Казалось непостижимым, что, вопреки беде, которая сжимала сердца людей, они все-таки продолжали цепко примечать издавна милую смену времен года — пленительный переход от летнего зноя, сделавшего ломкой листву тополей и акаций, к прохладе и прозрачности августовских зорь, к шелковисто-светлой пряже, замерцавшей над тротуарами, наконец, к первому инею, выбелившему крыши домов и кусты сирени, что упрямо устояла перед заморозками. А возможно, такой переход в пору всеобщей беды даже еще сильней, с пронзающей болью западал в душу оттого, что люди надолго, а кто и навсегда, прощались с привычным, мирным чередованием дней. Отныне этим дням суждено было понестись стремительно, лихорадочно, встревоженно. И уже в окнах отведенной под госпиталь школы-десятилетки забелели халаты медсестер. Уже лопаты, те самые лопаты, что недавно вскапывали огороды, теперь поспешно углубляли во дворах щели-укрытия. Уже реже стали появляться почтальоны, а их сумки наполовину опустели без киевских и московских газет. И косяки журавлей, пролетающие на юг и привыкшие видеть на своем пути этот край густо расшитым соцветиями огней, беспокойно курлыкали, удивляясь, что тянется и тянется под крыльями загадочная, непроницаемая темень…

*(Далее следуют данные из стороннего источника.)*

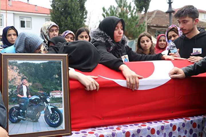 Motosiklet tutkunu madencinin ailesi, tabutun başında taziyeleri kabul etti.
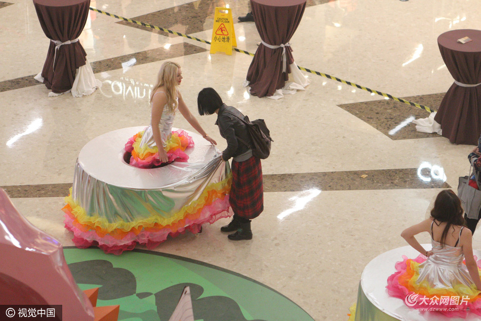 2016年11月5日,山東省淄博市,一商家聘請兩位漂亮的洋模特裝扮成“芭比娃娃”蛋糕站在商場大廳。起初,這兩個巨型“蛋糕”一動不動,每當有市民從身邊路過時就突然招手示意,令市民先是大吃一驚,而后開心大笑,周圍市民被這一“惡作劇”逗樂,紛紛圍觀“芭比娃娃蛋糕”并用手機拍照。
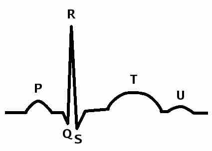 • A typical ECG tracing of the cardiac cycle (heartbeat) consists of a P wave (atrial depolarization), a QRS complex (ventricular depolarization), and a T wave (ventricular repolarization). An additional wave, the U wave (Purkinje repolarization), is often visible, but not always.
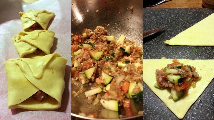 Leg op elk plakje bladerdeeg wat van het gehaktmengsel.
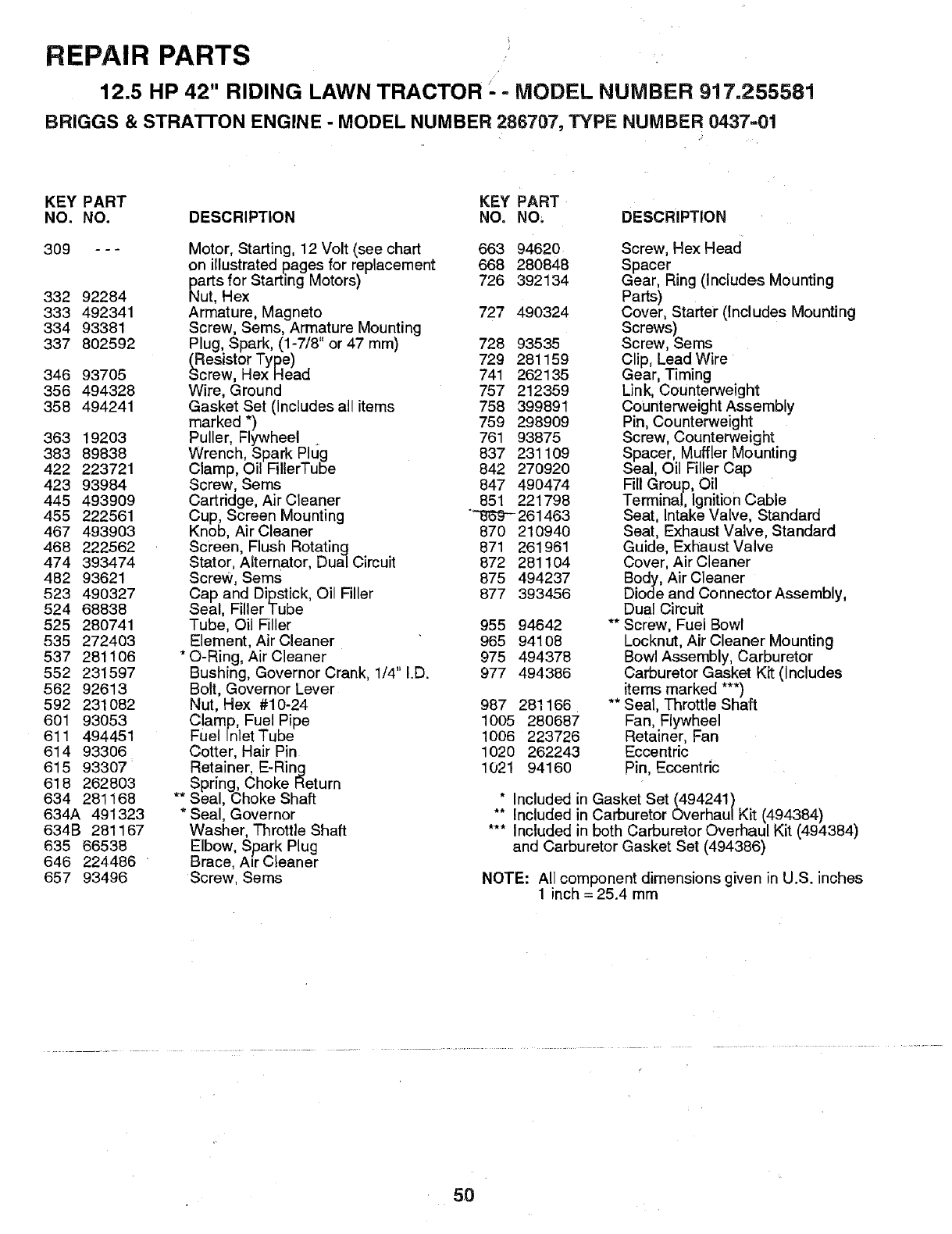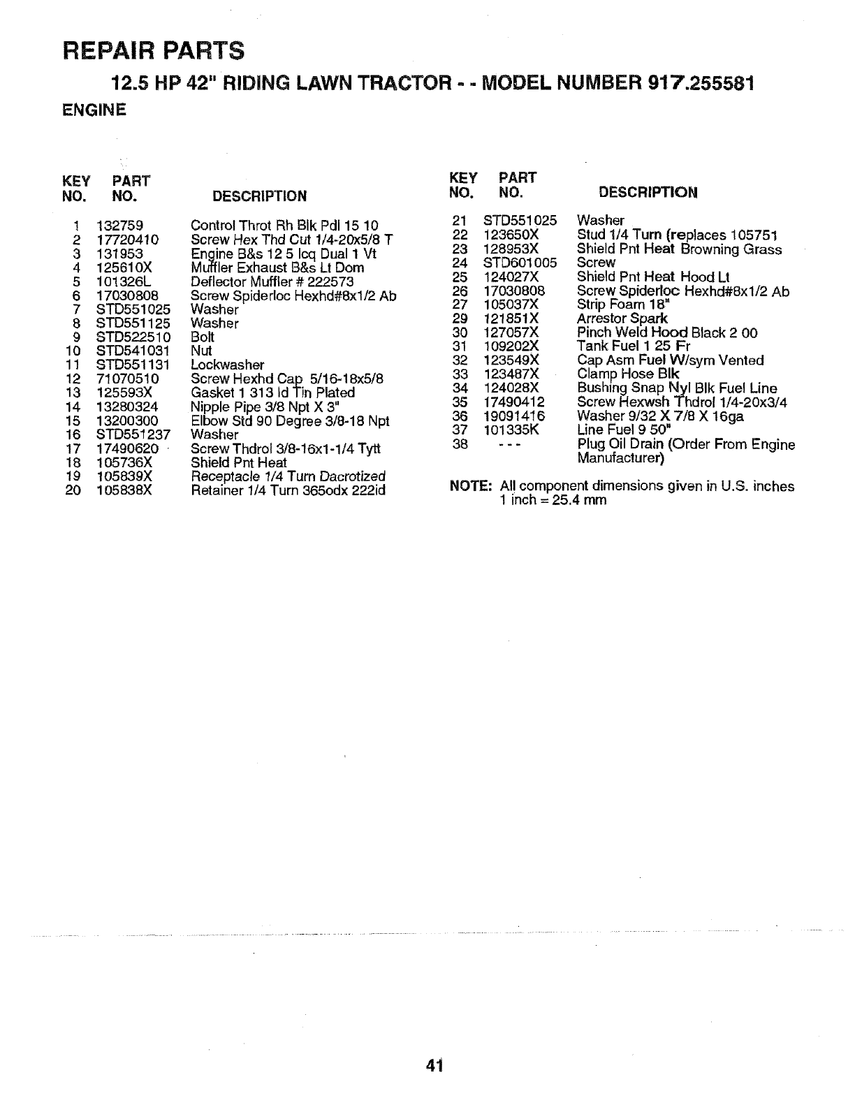 WHEN ORDERING REPAIR PARTS; ALWAYS GIVE THE FOLLOW-
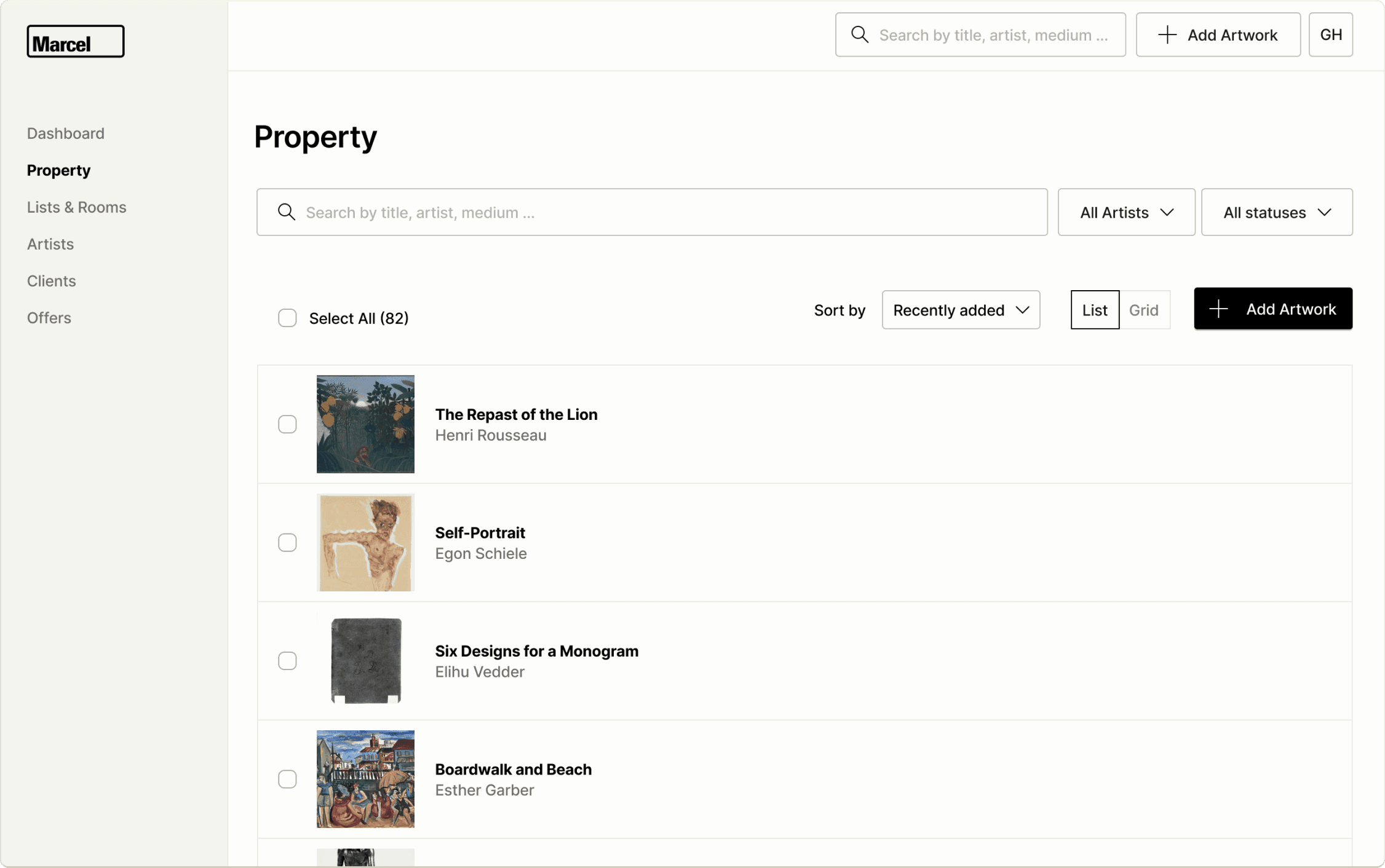 Marcel lets galleries manage their artworks and run their business on a simple, robust platform.

Осташко возвращался с шахты далеко за полночь. Он обогнул сонно шумевшие градирни и зашагал вдоль железнодорожного полотна к мосту, который соединял старую часть города с новой. Сколько раз проходил он этой дорогой, знакомой до каждого камушка под ногами, а никогда еще не было так тяжело, как сейчас. Он даже пожалел, что сам вызвался выполнить горькое, тягостное поручение горкома, да еще вдобавок уступил нахлынувшему влечению и спустился в шахту. Обрек себя еще на одну бессонную ночь, а взамен — что на душе? Лишь в какую-то минуту, когда он вышел из клети под бетонные своды ярко освещенного квершлага, услышал властно нагнетаемый разгаром рабочей смены ровный гул вагонеток и обыденные сигналы рукоятчика, увидел сваленный у ствола свежего распила лес, возникло обманчивое ощущение, будто то, что осталось там, наверху, просто дурной сон, а здесь все по-прежнему незыблемо. Но тут же из ниши, где стоял телефон — Осташко как раз проходил мимо нее, — раздался девичий голос:
— Павлинка, Павлинка! Механика нужно… Полчаса звоню… Механика вызови, слышь? Да что молчишь? Уже разбомбили вас там наверху, что ли?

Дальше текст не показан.